What about the accusation that there is a blunder with the number of names in the genealogy (14 14 14 but 14 14 13)? Commentators believe that the divisions of 14 generations are simply a literary structure by Matthew not intended to set forth a strict biological lineage but to account for the Hebrew Kings Chronology. You can look at some literary devices used by ancient Greek grammarians trying to depict the reality of Christ and His fulfillment of the Kingly lineage and its culmination in Christ and His Church (Heb.2:10, Gal.4:4-5).
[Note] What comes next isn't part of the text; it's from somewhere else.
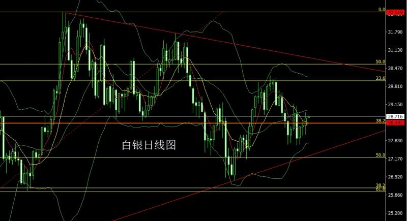 昨日白银市场早盘开盘在28.387的位置后行情先回落给出28.3的位置后行情拉升日线最高触及到了28.865的位置后行情受到压力强势回落,日线最低给到了28.054的位置后行情尾盘二次拉升,日线最终收线在了28.664的位置后行情以一根下影线长于上影线的中阳线收线,而这样的形态收尾后,前日28.05和昨日28.1的多减仓后止损跟进在28.1持有,今日的行情先拉升给出29.1空止损29.3,下方目标看28.6和28.3.

If Jesus was the King in line with his patriarchic father David (Mat 2) it could also be that the author is trying to communicate this fact. The Bible Project also comments that;
“Within the written language of Hebrew, the letters are also used as their numbers, and so each letter is assigned a numerical value. The name of David in Hebrew is “דוד,” and from here you just do the math. The numerical value of the first and third letter “ד” (called dalet) is 4. The middle letter “ו” (called waw) has a numerical value of 6. Put it into your mental calculator: 4+6+4=14, the numerical value of the name of “David.”
Matthew has created the genealogy so that it links Jesus to David both explicitly and in the very literary design of the list. In fact, Matthew wants to highlight this “14=David” idea so much that he’s intentionally left out multiple generations of the line of David (three, to be exact) to make the numbers work.
Wait, Matthew has taken people out of the genealogy?
Yes, but this is not a scandal. Leaving out generations to create symbolic numbers in genealogies is a common Hebrew literary practice, going all the way back to the genealogies in Genesis (the 10 generations of Genesis 5 or the 70 descendants of Genesis 46.
Ancient genealogies were ways of making theological claims, and Matthew’s readers would have understood exactly what he was doing and why.
Matthew didn’t make numerical adjustments only. He also adjusted a few letters in some names for the same purpose. For example, he changed the names of Asa and Amon to Asaph (the poet featured in the book of Psalms) and Amos (the famous prophet). Matthew is winking at us here, knowing that his readers would spot these out of place names. The point, of course, is that Jesus doesn’t just fulfill Israel’s royal hopes, but also the hope of the Psalms (Asaph) and the Prophets (Amos). Jesus is from a line of kingly succession that also culminates the rich tradition of worship and prophecy of Israel. This way, readers are thinking about all of Israel and her history as they meet Jesus for the first time. The irony is that some modern translations haven’t gotten the pun, and so have changed the names back to their “original” referents.”